TASK PROMPT: Only the lines from the one with "Ventana de aluminio" through the final line below belong in the answer, copied exactly and without pictures.

DATASET EXCERPT:
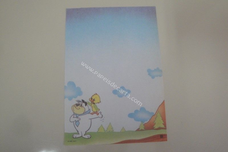 Papel de carta antigo, raro, tamanho médio, da coleção CBEC - sem número, com um pintinho pousado no braço de um cachorro.
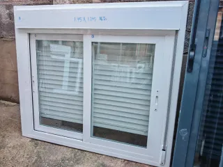 Ventana de aluminio con rotura de puente térmico (mucho más aislante que el aluminio normal), blancas, 2 hojas correderas, persiana monoblock, cristal doble climalit (4 mm + Cámara de 12mm + 4 mm) Son de segunda mano pero bastante bien conservadas Cada medida tiene un precio Medidas: 144,5 x 124,5 x 12 También disponibles del mismo lote: 216,5 x 124,5 x 12 263 x 124,5 x 12 SOLO RESERVO CON SEÑAL DISPONIBLES MÁS VENTANA, BALCONERA, VENTANAL, PUERTA, FIJO, PVC, RPT... EN MI PERFIL 🚚 TRANSPORTE NO INCLUIDO EN EL PRECIO
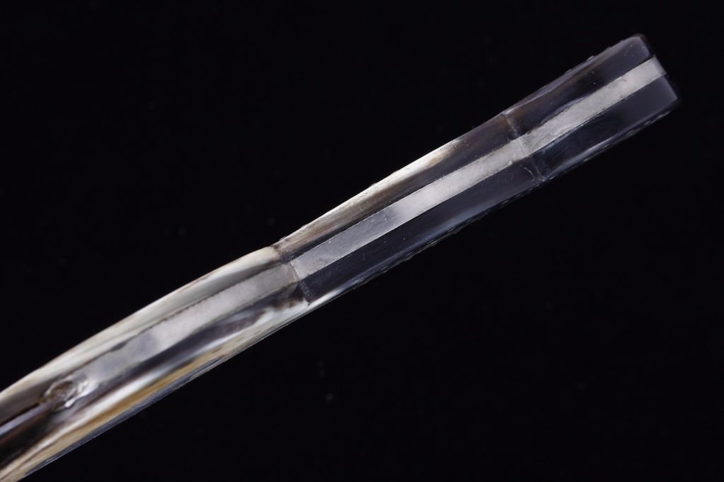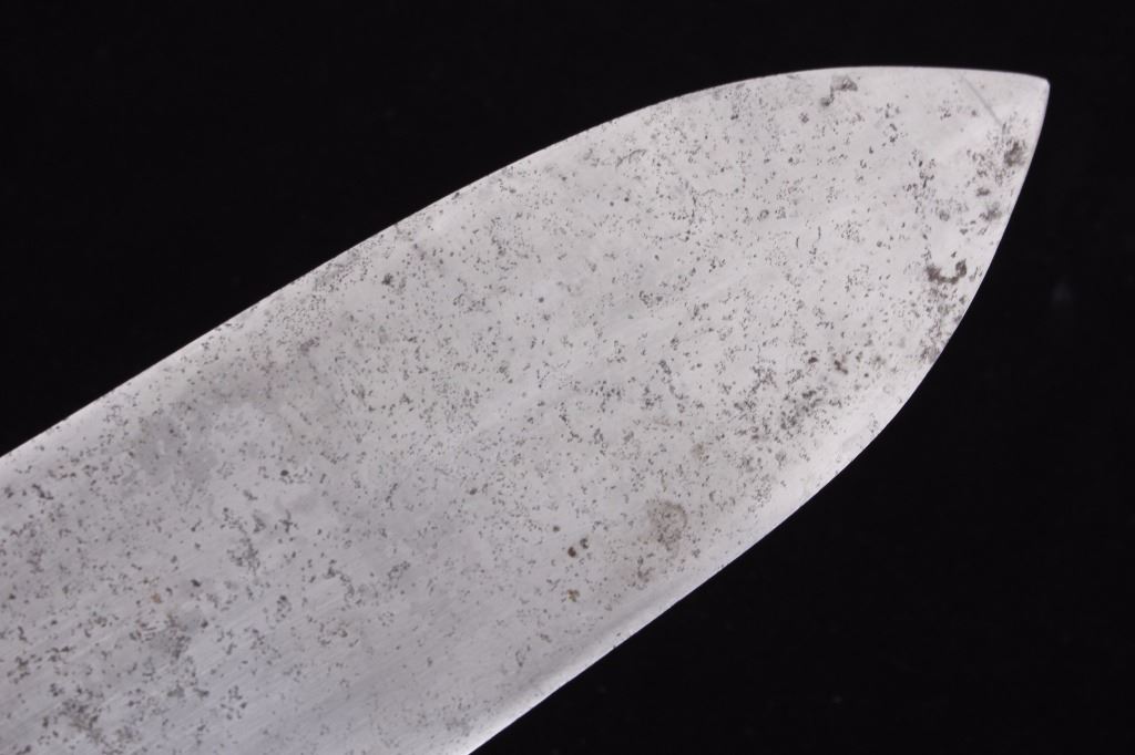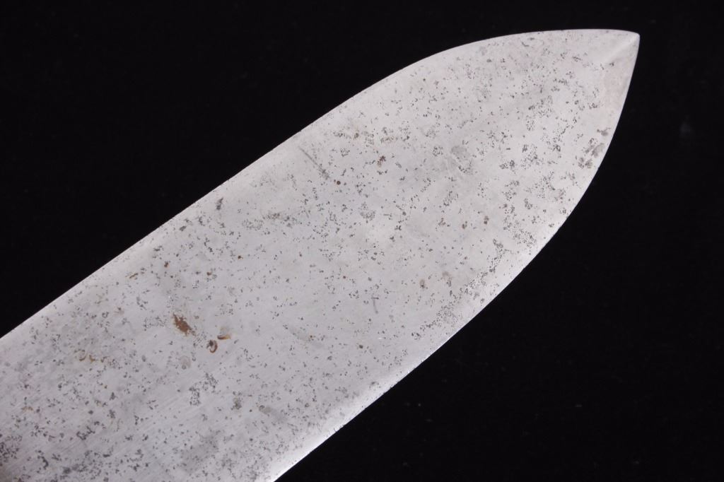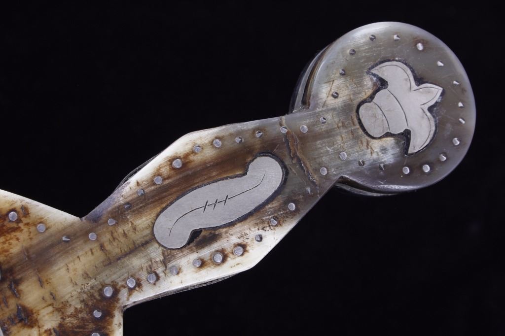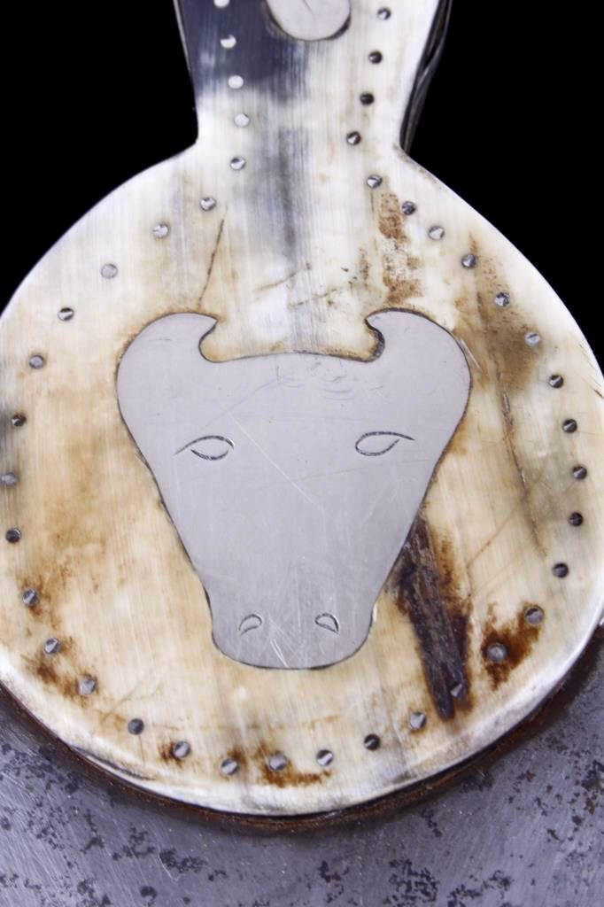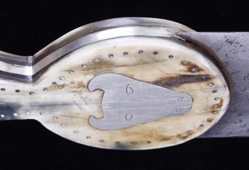 This is an exceptional example of an original authentic Beaver Tail or Beaver Back Dag Knife from the Plains Native American Indians. The piece dates to the early to mid 19th century and is attributed to manufacturer Jukes Coulson & Co. The knife is not marked, but shows the correct craftsmanship and styling to be by the London Arms company, Jukes Coulson & Co. Provenance: From the extensive Native American & Tribal Arts collection of Harada Fumihiko and Alin Avila. It was purchased from the 6/6/2014 Binoche Auction (represented as such). The immensely unique knife shows the typical wide tapering rounded dagger-shaped blade with double edge with an incredible Steer/Cow horn grips having silver spot inlay framing the edge, a silver Steer head, accent, and fleur de lis along both sides. One of the finest examples of an early period dag knife available for sale. Overall length 13.5”L x 2.5”W and ½” to 9/16” thick. Silver has been modernly polished. Excellent original early piece.

ANSWER FOR THE TASK:
 Ventana de aluminio con rotura de puente térmico (mucho más aislante que el aluminio normal), blancas, 2 hojas correderas, persiana monoblock, cristal doble climalit (4 mm + Cámara de 12mm + 4 mm) Son de segunda mano pero bastante bien conservadas Cada medida tiene un precio Medidas: 144,5 x 124,5 x 12 También disponibles del mismo lote: 216,5 x 124,5 x 12 263 x 124,5 x 12 SOLO RESERVO CON SEÑAL DISPONIBLES MÁS VENTANA, BALCONERA, VENTANAL, PUERTA, FIJO, PVC, RPT... EN MI PERFIL 🚚 TRANSPORTE NO INCLUIDO EN EL PRECIO
 This is an exceptional example of an original authentic Beaver Tail or Beaver Back Dag Knife from the Plains Native American Indians. The piece dates to the early to mid 19th century and is attributed to manufacturer Jukes Coulson & Co. The knife is not marked, but shows the correct craftsmanship and styling to be by the London Arms company, Jukes Coulson & Co. Provenance: From the extensive Native American & Tribal Arts collection of Harada Fumihiko and Alin Avila. It was purchased from the 6/6/2014 Binoche Auction (represented as such). The immensely unique knife shows the typical wide tapering rounded dagger-shaped blade with double edge with an incredible Steer/Cow horn grips having silver spot inlay framing the edge, a silver Steer head, accent, and fleur de lis along both sides. One of the finest examples of an early period dag knife available for sale. Overall length 13.5”L x 2.5”W and ½” to 9/16” thick. Silver has been modernly polished. Excellent original early piece.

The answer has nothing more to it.